The 11th European Institutional Asset Management Survey (EIAMS), researched by Invesco, found that investors have increased their allocations to fixed income while reducing their equity exposure.  The 2011 survey received responses from 148 investors in 25 countries (mainly Benelux, UK, Ireland, France and the Nordics), with total assets under management of EUR 1,194 billion, or an average of EUR 8.1 billion.

For investor relations officers at public companies we believe the most interesting points are:

1 – European institutions invest most of their equity portfolios internationally while the bulk of their fixed income assets remain in their domestic markets.

2.- The flight to safety has continued with fixed income gaining more ground with investors, but last year’s freefall in equities appears to have been halted with just a small decline, and the sharp reduction in cash suggests that investors are less risk averse.

3. – Fixed income accounts for 58% of institutional portfolios’ assets, compared with 51% in the prior year.

4. – Fixed income looks to gain further ground with corporate bonds the big likely winner at the expense of government debt.  Indeed, 22% of investors are aiming to increase their fixed income component with 30% of investors increasing their exposure to corporate bonds and 31% reducing their government bond holdings.

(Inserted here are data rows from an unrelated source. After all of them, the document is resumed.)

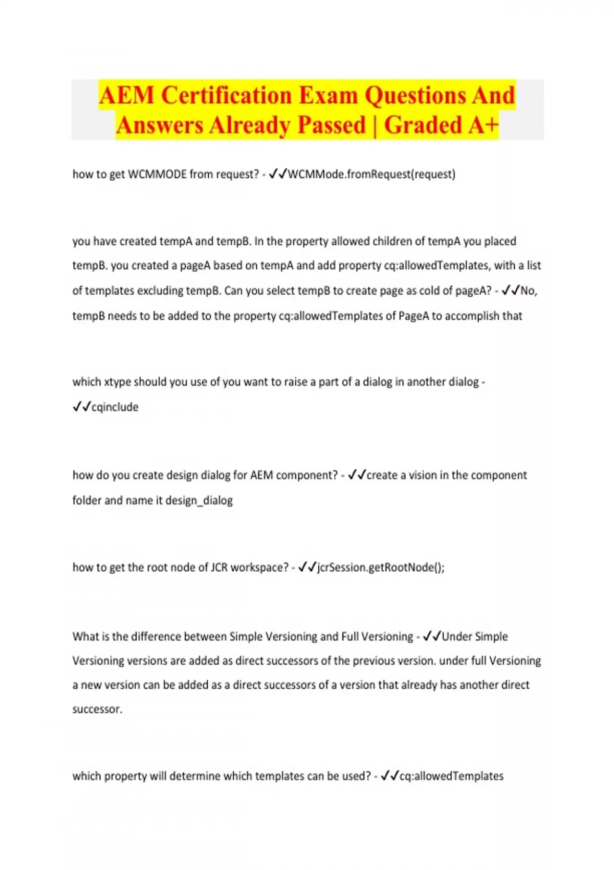 AEM Certification Exam Questions And Answers Already Passed | Graded A+ how to get WCMMODE from request? - WCMMRequest(request) you have created tempA and tempB. In the property allowed children of tempA you placed tempB. you created a pageA based on tempA and add property cq:allowedTemplates, with a list of templates excluding tempB. Can you select tempB to create page as cold of pageA? - No, tempB needs to be added to the property cq:allowedTemplates of PageA to accomplish that which xtype should you use of you want to raise a part of a dialog in another dialog - cqinclude how do you create design dialog for AEM component? - create a vision in the component folder and name it design_dialog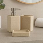 Ποτηροθήκη για οδοντόβουρτσες πολυεστερική σε μπεζ χρώμα με σαγρέ υφή. Ο μοντέρνος και κομψός σχεδιασμός της προσθέτει στυλ στο μπάνιο ενώ το ανθεκτικό υλικό του εξασφαλίζει μακροχρόνια χρήση.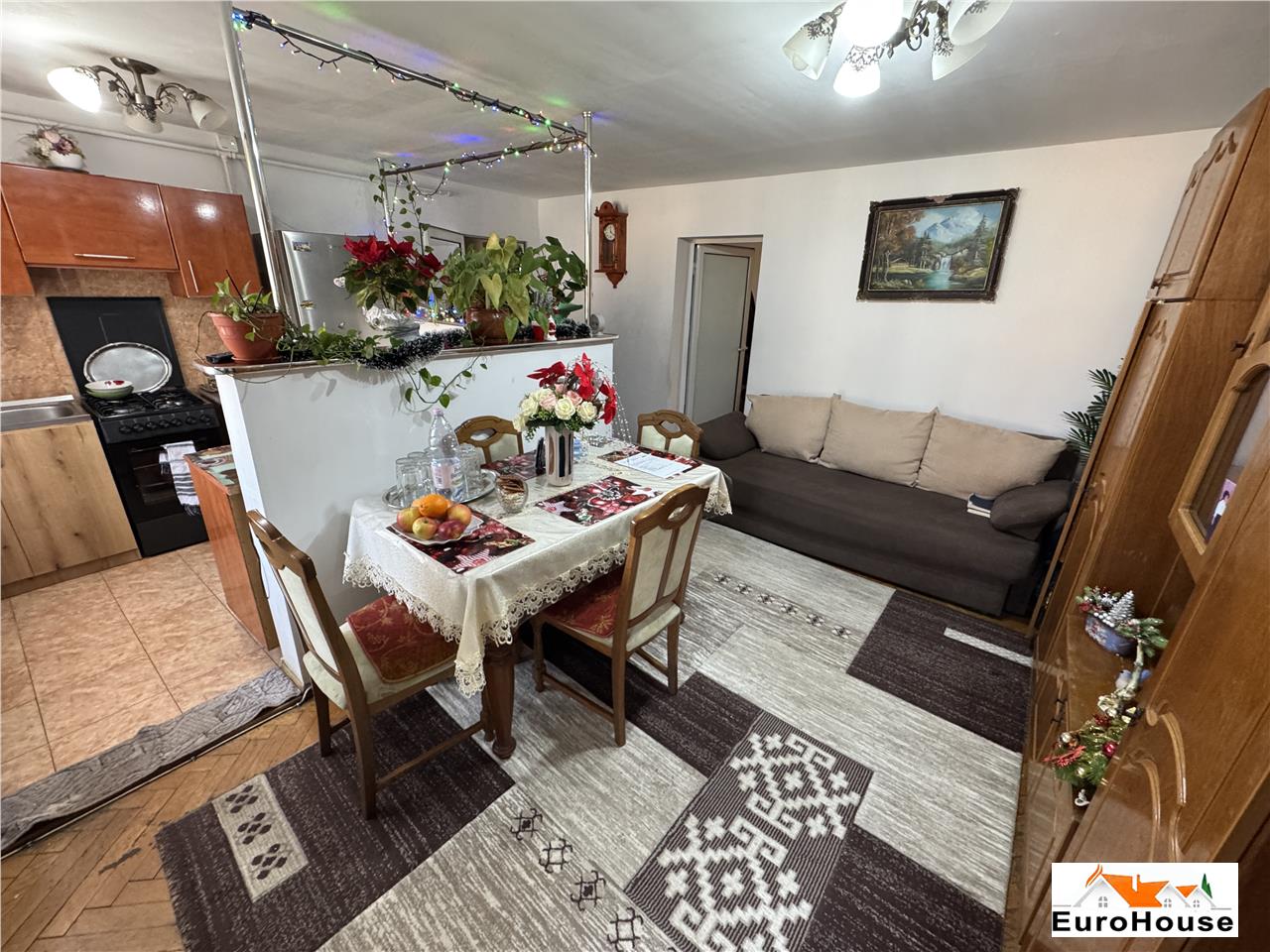 Living open space cu bucătăria, spațiu aerisit, perfect pentru relaxare și socializare

5. – Allocations to equities have fallen slightly to 27%, down from 2009’s level of 29%, and well below the 32% average allocation reported in 2007.  UK & Ireland remain true to their traditionally high equities weightings, with shares creeping back up to 45% of portfolios this time after slipping to 44% in 2009, though they are still below the 55% weighting seen in 2007.

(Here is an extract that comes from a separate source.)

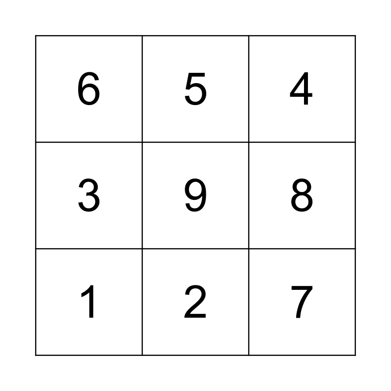 This bingo card has 9 words: 1, 4, 5, 3, 6, 8, 9, 7 and 2.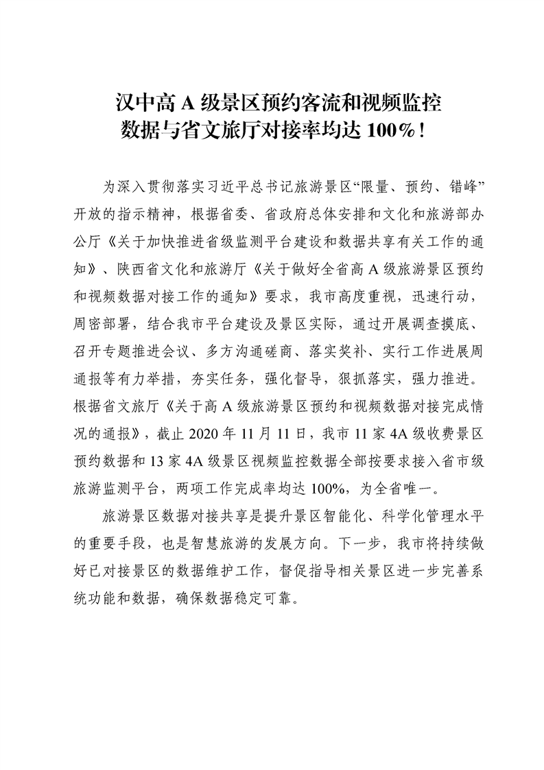 汉中高A级景区数据对接完成率位居全省前列

6. – A small net increase in equity investment is forecast and this is most likely to occur outside of domestic markets. 19% of respondents planned to boost their equity allocations against 15% who signaled an intention to sell.  More marked, though, is the likely swing away from domestic shares towards those in other European countries, the USA, Asia and other markets.  Only 11% of respondents planned to increase equities from their home market, while 21% intended to up the proportion of other European equities as well as those from Asia, while 20% planned to lift USA equity allocations and 23% aimed to boost their “other markets” stock holdings. Institutions are clearly turning away from home markets in equity and fixed income investment. Average domestic equity allocation has fallen to 18% of the total equity slice from 23.5%.

Click on the charts below for a full display.

1


2


3

The top managers of pension fund assets in the UK

The management of most pension fund assets in the UK is often delegated to diversified investment management houses and very few self-managed pension funds still exist.

The key players are:

Rank Pension AUM $m
1. Legal & General 370,014
2. BlackRock 252,814
3. Insight 144,183
4. State Street Global Advisors 57,231
5. Standard Life 56,109
6. Schroder Inv. Mgt. 44,649
7. M&G Investments 42,585
8. Threadneedle 41,080
9. Hermes 40,127
10. UBS Global Asset Mgt. 19,802
11. Baillie Gifford 14,478
12. Aberdeen Asset Mgt. 8,665
13. Newton Inv. Mgt. 7,889
14. Capital International 7,713

Source: Hymans Robertson

It’s interesting to note that significant segments of these assets are managed passively (according to Hymans Robertson at least 40%).

The remaining self-managed funds worth targeting for investor relations outreach activity include; Aerion, BAE Systems, BP Investment, British Airways Pension, British Steel Pension and Universities Superannuation Scheme.

Dividends are back

Aggregate dividents per share for S & P 500 companies

Aggregate dividents per share for S & P 500 companies

S&P 500 dividends per share, which hit a recent low in 2010, are forecast to grow at an annual rate of 9.8% over the next three years, driven by strong earnings and large cash reserves.


S & P 500 dividend actions - 12 months ended February

S & P 500 dividend actions - 12 months ended February

Year-over-year dividend increases are up 57.1%, while decreases and omissions are down 81.7% and 74.8%, respectively.